## Description of the task
Return every entry in the listing word for word.

## Input data
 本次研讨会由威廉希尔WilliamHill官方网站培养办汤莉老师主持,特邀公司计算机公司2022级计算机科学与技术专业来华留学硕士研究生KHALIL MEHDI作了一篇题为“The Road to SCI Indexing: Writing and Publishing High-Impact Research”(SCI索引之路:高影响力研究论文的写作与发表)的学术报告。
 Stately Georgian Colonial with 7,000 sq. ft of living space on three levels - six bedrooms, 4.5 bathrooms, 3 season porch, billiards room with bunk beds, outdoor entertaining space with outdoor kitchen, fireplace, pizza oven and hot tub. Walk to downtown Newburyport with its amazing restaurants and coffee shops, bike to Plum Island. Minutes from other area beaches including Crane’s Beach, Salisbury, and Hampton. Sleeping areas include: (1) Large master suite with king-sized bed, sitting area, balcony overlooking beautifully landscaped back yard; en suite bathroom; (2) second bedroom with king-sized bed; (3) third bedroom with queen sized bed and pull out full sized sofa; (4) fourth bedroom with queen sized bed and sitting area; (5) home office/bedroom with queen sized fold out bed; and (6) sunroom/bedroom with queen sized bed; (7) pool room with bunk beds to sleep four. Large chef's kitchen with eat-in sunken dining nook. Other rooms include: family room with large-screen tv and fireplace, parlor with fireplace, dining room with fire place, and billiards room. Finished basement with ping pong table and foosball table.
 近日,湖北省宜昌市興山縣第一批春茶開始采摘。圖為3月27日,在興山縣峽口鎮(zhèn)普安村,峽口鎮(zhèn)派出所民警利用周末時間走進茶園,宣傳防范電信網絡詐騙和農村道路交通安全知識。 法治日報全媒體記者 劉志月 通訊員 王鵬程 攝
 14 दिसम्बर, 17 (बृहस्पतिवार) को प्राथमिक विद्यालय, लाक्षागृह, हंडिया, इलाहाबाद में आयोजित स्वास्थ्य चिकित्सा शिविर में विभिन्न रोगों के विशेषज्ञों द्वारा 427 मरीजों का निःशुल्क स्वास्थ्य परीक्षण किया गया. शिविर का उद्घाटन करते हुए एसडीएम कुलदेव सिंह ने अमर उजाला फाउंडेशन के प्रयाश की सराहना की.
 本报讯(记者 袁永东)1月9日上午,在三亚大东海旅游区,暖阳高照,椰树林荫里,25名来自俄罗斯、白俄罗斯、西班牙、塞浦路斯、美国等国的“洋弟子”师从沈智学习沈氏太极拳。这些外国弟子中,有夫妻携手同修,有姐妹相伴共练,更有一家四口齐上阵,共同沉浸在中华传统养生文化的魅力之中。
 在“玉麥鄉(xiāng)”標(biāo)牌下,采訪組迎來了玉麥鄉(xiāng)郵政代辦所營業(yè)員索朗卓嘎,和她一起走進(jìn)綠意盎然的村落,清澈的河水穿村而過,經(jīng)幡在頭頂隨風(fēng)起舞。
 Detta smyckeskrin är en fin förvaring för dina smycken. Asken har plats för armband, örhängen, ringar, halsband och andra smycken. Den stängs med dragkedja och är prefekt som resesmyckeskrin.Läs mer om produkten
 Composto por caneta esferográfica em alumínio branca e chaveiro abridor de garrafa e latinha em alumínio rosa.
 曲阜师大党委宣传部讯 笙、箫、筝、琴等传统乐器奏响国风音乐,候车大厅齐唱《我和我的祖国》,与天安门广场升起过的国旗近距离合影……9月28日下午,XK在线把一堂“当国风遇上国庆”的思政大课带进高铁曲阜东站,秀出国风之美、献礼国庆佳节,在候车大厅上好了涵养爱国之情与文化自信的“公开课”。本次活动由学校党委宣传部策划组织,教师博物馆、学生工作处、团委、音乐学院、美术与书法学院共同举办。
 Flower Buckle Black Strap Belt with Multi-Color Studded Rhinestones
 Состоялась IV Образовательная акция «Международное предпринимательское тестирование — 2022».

## Answer to this task
 本次研讨会由威廉希尔WilliamHill官方网站培养办汤莉老师主持,特邀公司计算机公司2022级计算机科学与技术专业来华留学硕士研究生KHALIL MEHDI作了一篇题为“The Road to SCI Indexing: Writing and Publishing High-Impact Research”(SCI索引之路:高影响力研究论文的写作与发表)的学术报告。
 Stately Georgian Colonial with 7,000 sq. ft of living space on three levels - six bedrooms, 4.5 bathrooms, 3 season porch, billiards room with bunk beds, outdoor entertaining space with outdoor kitchen, fireplace, pizza oven and hot tub. Walk to downtown Newburyport with its amazing restaurants and coffee shops, bike to Plum Island. Minutes from other area beaches including Crane’s Beach, Salisbury, and Hampton. Sleeping areas include: (1) Large master suite with king-sized bed, sitting area, balcony overlooking beautifully landscaped back yard; en suite bathroom; (2) second bedroom with king-sized bed; (3) third bedroom with queen sized bed and pull out full sized sofa; (4) fourth bedroom with queen sized bed and sitting area; (5) home office/bedroom with queen sized fold out bed; and (6) sunroom/bedroom with queen sized bed; (7) pool room with bunk beds to sleep four. Large chef's kitchen with eat-in sunken dining nook. Other rooms include: family room with large-screen tv and fireplace, parlor with fireplace, dining room with fire place, and billiards room. Finished basement with ping pong table and foosball table.
 近日,湖北省宜昌市興山縣第一批春茶開始采摘。圖為3月27日,在興山縣峽口鎮(zhèn)普安村,峽口鎮(zhèn)派出所民警利用周末時間走進茶園,宣傳防范電信網絡詐騙和農村道路交通安全知識。 法治日報全媒體記者 劉志月 通訊員 王鵬程 攝
 14 दिसम्बर, 17 (बृहस्पतिवार) को प्राथमिक विद्यालय, लाक्षागृह, हंडिया, इलाहाबाद में आयोजित स्वास्थ्य चिकित्सा शिविर में विभिन्न रोगों के विशेषज्ञों द्वारा 427 मरीजों का निःशुल्क स्वास्थ्य परीक्षण किया गया. शिविर का उद्घाटन करते हुए एसडीएम कुलदेव सिंह ने अमर उजाला फाउंडेशन के प्रयाश की सराहना की.
 本报讯(记者 袁永东)1月9日上午,在三亚大东海旅游区,暖阳高照,椰树林荫里,25名来自俄罗斯、白俄罗斯、西班牙、塞浦路斯、美国等国的“洋弟子”师从沈智学习沈氏太极拳。这些外国弟子中,有夫妻携手同修,有姐妹相伴共练,更有一家四口齐上阵,共同沉浸在中华传统养生文化的魅力之中。
 在“玉麥鄉(xiāng)”標(biāo)牌下,采訪組迎來了玉麥鄉(xiāng)郵政代辦所營業(yè)員索朗卓嘎,和她一起走進(jìn)綠意盎然的村落,清澈的河水穿村而過,經(jīng)幡在頭頂隨風(fēng)起舞。
 Detta smyckeskrin är en fin förvaring för dina smycken. Asken har plats för armband, örhängen, ringar, halsband och andra smycken. Den stängs med dragkedja och är prefekt som resesmyckeskrin.Läs mer om produkten
 Composto por caneta esferográfica em alumínio branca e chaveiro abridor de garrafa e latinha em alumínio rosa.
 曲阜师大党委宣传部讯 笙、箫、筝、琴等传统乐器奏响国风音乐,候车大厅齐唱《我和我的祖国》,与天安门广场升起过的国旗近距离合影……9月28日下午,XK在线把一堂“当国风遇上国庆”的思政大课带进高铁曲阜东站,秀出国风之美、献礼国庆佳节,在候车大厅上好了涵养爱国之情与文化自信的“公开课”。本次活动由学校党委宣传部策划组织,教师博物馆、学生工作处、团委、音乐学院、美术与书法学院共同举办。
 Flower Buckle Black Strap Belt with Multi-Color Studded Rhinestones
 Состоялась IV Образовательная акция «Международное предпринимательское тестирование — 2022».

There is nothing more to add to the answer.